In-Silico Molecular Simulation Is Slow and Kludgy
In-silico molecular simulation has not received the necessary push, despite the promise of machine learning-based surrogate models. Moreover, advancements in quantum chemistry—both AI accelerated and quantum/ASIC-enabled—remain underexploited.
Foundational Capabilities (8)
Use neural network potentials and force fields to enhance molecular dynamics simulations, making them more efficient and accurate.
Extend work on ML force fields to charge transfer problems in external potentials, enabling in-silico discoveries in batteries, electrolysis, carbon capture, biochemistry and the origins of life
Utilize hybrid quantum algorithms to perform quantum chemistry simulations, capitalizing on recent progress in quantum computing.
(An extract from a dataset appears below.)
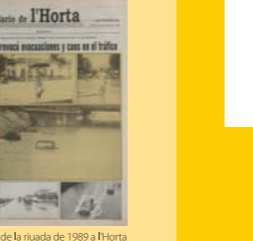
Notícia de la riuada de 1989 a l'Horta Sud. Les tres fotografies assenyalades mostren la devastació de les aigües a Aldaia. (Las Provincias, 6 de setembre de 1989).

16 L'aigua no va agafar la població per sorpresa. L'inici de riuada del diumenge havia posat en avís a l'Ajuntament i Govern Civil, que donà l'alerta als pobles de la ribera del Poio. Abans d'arribar l'aigua al poble havien sigut evacuades 500 persones de la Brillantina, les Barraques, l'Estació i la Colònia, sent traslladades als col·legis Ausiàs March i Mariano Benlliure, on passaren la nit. La riuada deixà el típic caos de brutícia i col·lapse circulatori. Aldaia quedà incomunicada amb l'exterior. El dia 11 la corporació celebrà un ple extraordinari on aprovà per unanimitat sol·licitar al Govern la declaració de zona catastròfica per a Aldaia.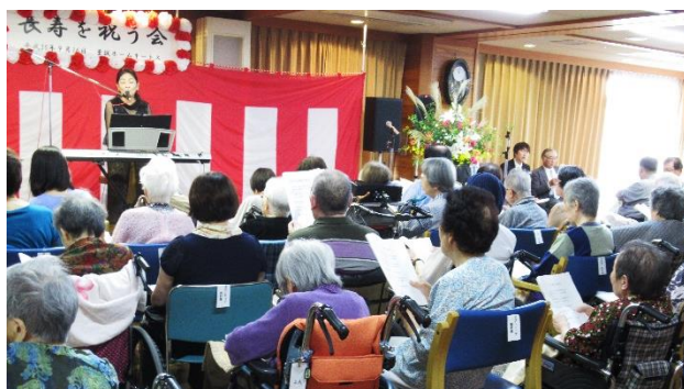
式典10:00あおぞら広場

Create accurate, thoroughly benchmarked calculations for elements beyond the second row of the periodic table, for clusters of 3 or more atoms. Could complement 29.5.
Leverage AI techniques to accelerate quantum chemistry calculations, improving the speed and accuracy of electronic structure predictions.
Produce a high-quality experimental dataset to validate molecular simulation techniques and transition to frictionless reproducibility.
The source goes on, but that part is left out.